Thursday, December 24, 2009

great dane on a raft...with my folks...sorry, its just a deep day.


I awoke this morning to the news that some time last night, my favorite living poet, and acquaintance, had slipped past the grasp of the cancer that raged his body.  I'm currently at Christmas Holiday in Florida, with my family.

It must be such a relief and such acute anguish on Christmas Eve.  The irony of a long battle with cancer, a husband, wife and kids all understanding the stakes...that his only reprieve from pain will be when he closed his eyes forever.

I pondered my distant friend and his new home, over a view of a distraught and stormy sea today.

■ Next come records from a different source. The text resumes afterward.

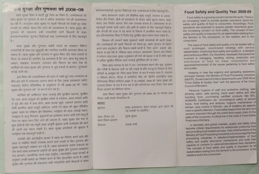 Food and Safety Year 2008 – 09 , Event (SBR)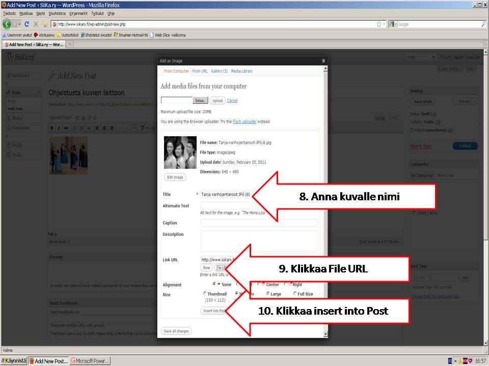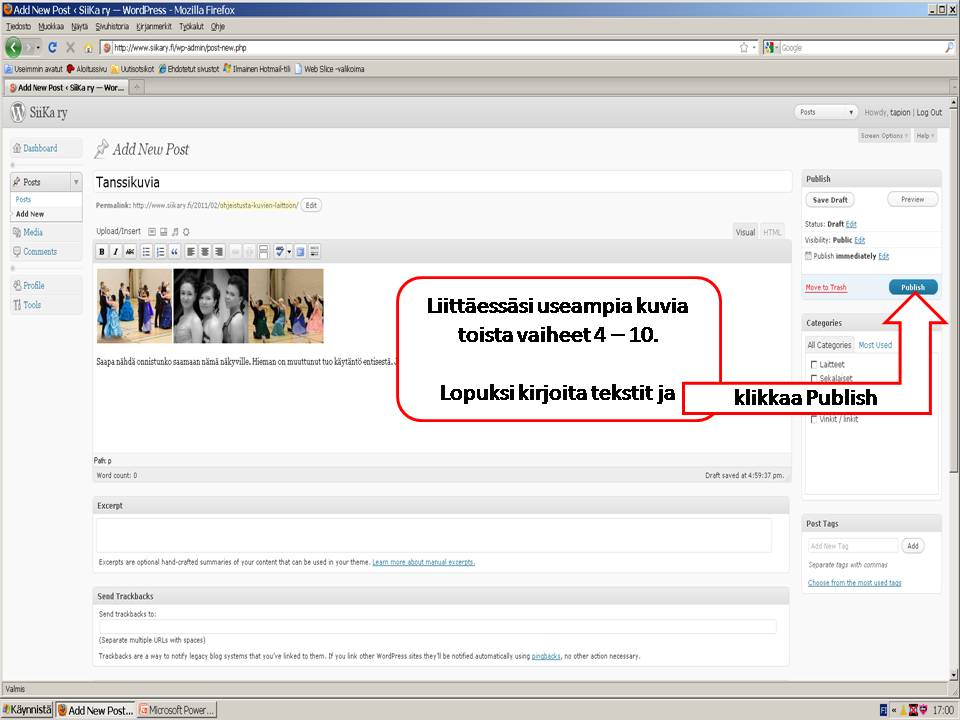 Hienoa, Tapsa! Kyllä tämän ohjeen avulla pitäisi postauksien ruveta kaikilta onnistumaan.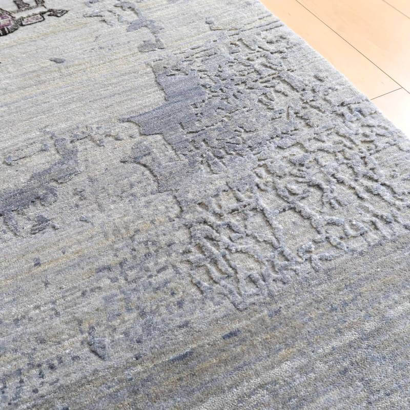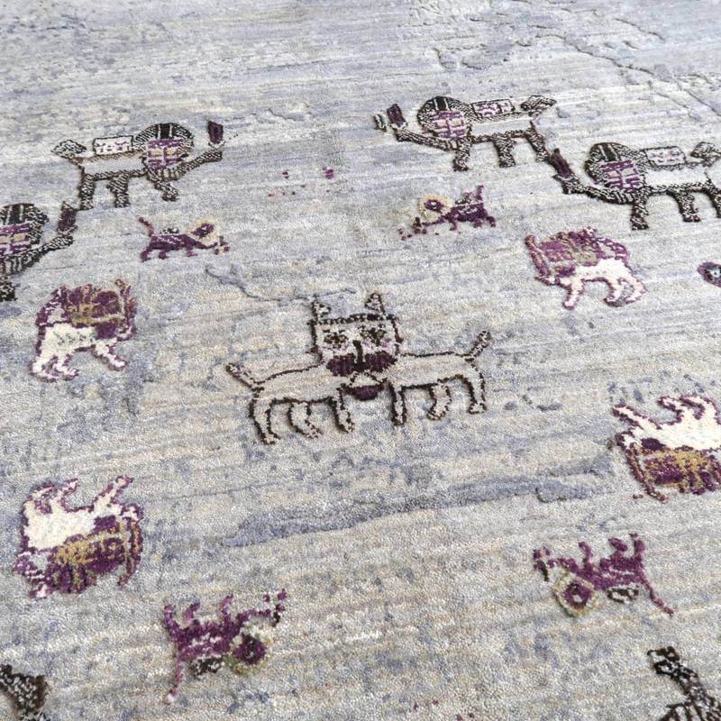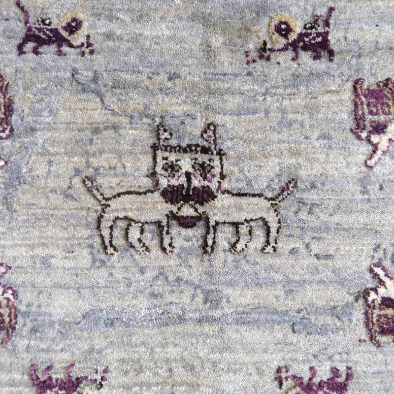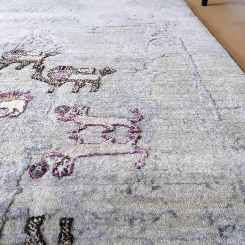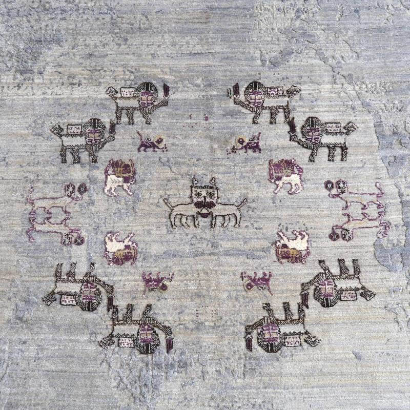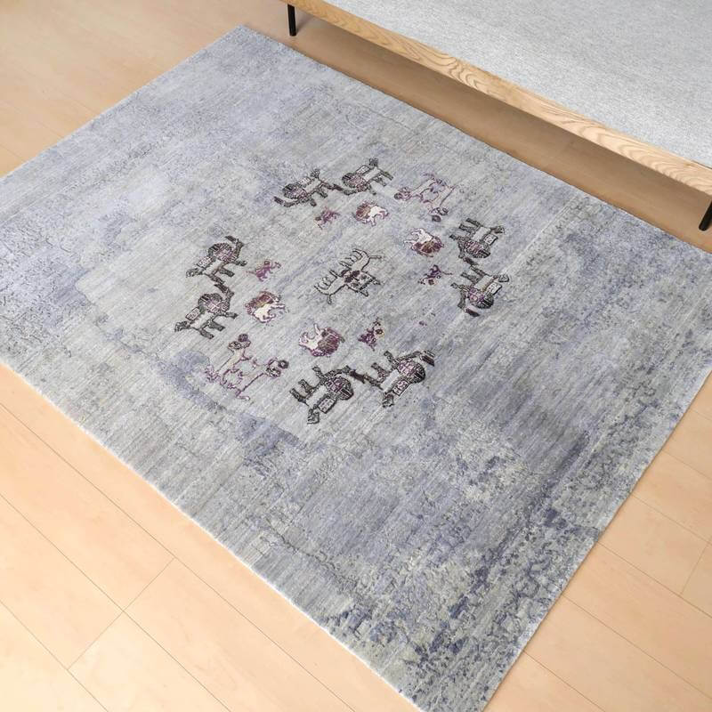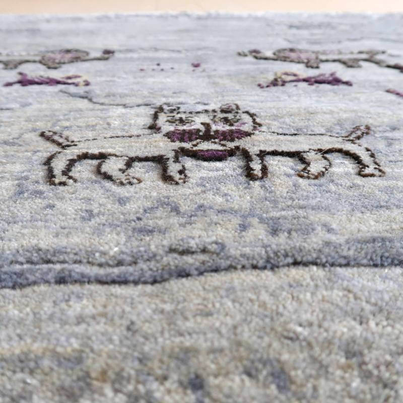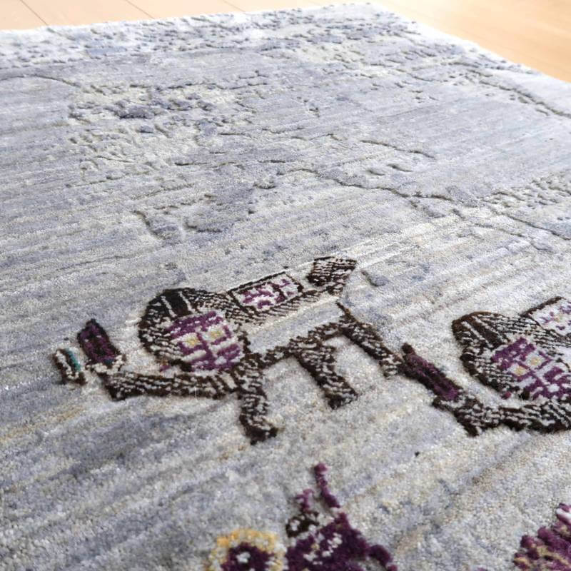 森か、はたまた雲の中か、剣を持ったライオンたちが対峙する世界が、幻想的なニュアンスカラーの中に表現されています。薄グレーと薄むらさき、薄水色が混ざり合ったグラデーションは、もともとのウールにあるアブラシ(色むらのグラデーション)のグレーベージュと融合して、何とも微妙な、くすみカラーとなっています。手バサミを使って、動物部分はもとより、パイルに凹凸をつけて、浮きたつ文様をセンターから円状に広がるようにデザインした革新的なアートデザインです。冬毛の柔らかな最高部位のウールのみを使用して細かく編んだ最上級のソフトな手触り。

The ocean has always entranced me.  She has an eternal shade to her costume, that makes her appear as a Patrick Nagel painting...beautiful and mysterious, unable to be known. Distant and untouchable, yet the ocean's deadly nature beckons the image of a wild animal, more than any mistress.  She will kill you in a moment, without the interruption of a single wave on any beach.  Perhaps the deadly nature grabs my attention.  I see into forever when I scan the horizon and see nothing but water.

Morbid or not, it reminds me of death.  The ultimate calm, quiet, nothing.  The final doorway, through which we all will pass.

The twisted part of me can never be held at bay for more than a few hours at best...and I think its high time I rolled with how the Maker made me, rather than fighting it.

The sea draws upon me the image of my own dead, mother, father, brother, and most recently, my favorite Great Dane...traveling on a raft, upon the seas.  They travel together in harmony, awaiting the arrival of another, in a day, in a year, in a decade...they are infinitely patient.  They have no desire, nor remorse for those that join their ranks.  They are dead...but they are special, because they are My Dead.  I talk to my Maker about my dead.  I visit with them, trusting that the Power that made me can be trusted in love to get the messages across.

It has taken me many miles, nautical miles if we may, to understand the nature of death (as I do now, and it continues to unfold).  I fought long and hard to make peace with my dead.  I'd recommend it to anyone, as I don't see how any peace can come without permission to leave and commitment to communion.  It has helped me transition the waters of my deeper regions from distraught and stormy to a more pleasant roll...perhaps someday I'll reach a wonderful calm.

Until then, I'll hold my picture of my parents, my brother, Moose, and perhaps a coffee drinking poet, to ride along the waters of nowhere on their way to forever.

FS

Friday, December 11, 2009

Christmas Connections

The ultimate Christmas connection, obviously, links directly to Jesus being God's connection to His creation.  I try, therefore, to make Christmas about connections within my own mind.  Gifts become a tangible point of reference or connection with another.  A physical expression of an internal affinity, love, or appreciation...given to another out of (hopefully) selfless gratitude. 


There have been many gifts I've received over the years that link me to those special people that gave them.  I'd list a few, but hopefully, you've already drifted into a mental path of your own special gifts and those that honored you.  I'm making a list.  A list of people I need to connect with...and I'm making new rules for myself.  The old rules tell me that if I can't give a 'good' gift, or a 'real' gift, then there isn't any point in trying.  To do nothing, becomes a better strategy than the half-try...and, frankly, its easier.  But, this year, I've got some new rules...  I'm making a list, and I might even check it twice.  I've bought a new list of cards, and even if its just a two or three line note, or a short phone call, I'm going to re-touch as many people as I can on my list.  They touched me, and I remain grateful. 


One of the people on my list, is someone that I don't even know very well.  Yet, he continues to touch my life.  I've included my favorite token of his workmanship below, and maybe it will spur us all on to a Christmas full of wonderful connections, re-connections, and wonderful gifts (big or small).

Coffee Moments

It's not about the coffee.
We meet there, yes,
and drink as though
our lives depend on it.


But java's just an excuse
to gather, to share a part
of who we are, to stay
reasonably connected.


We searched for paradise
and never found it --yet here
with  cup in hand, perhaps
we're a latte closer.

                      -Jim Chastain


Jim remains in his last chapter of this journey, but I need to let him know that he's created fuel for me, he's fed me with intangible food, and helped me make sense out of the swirl of misty thoughts and emotions in my mind.  Thank you Jim.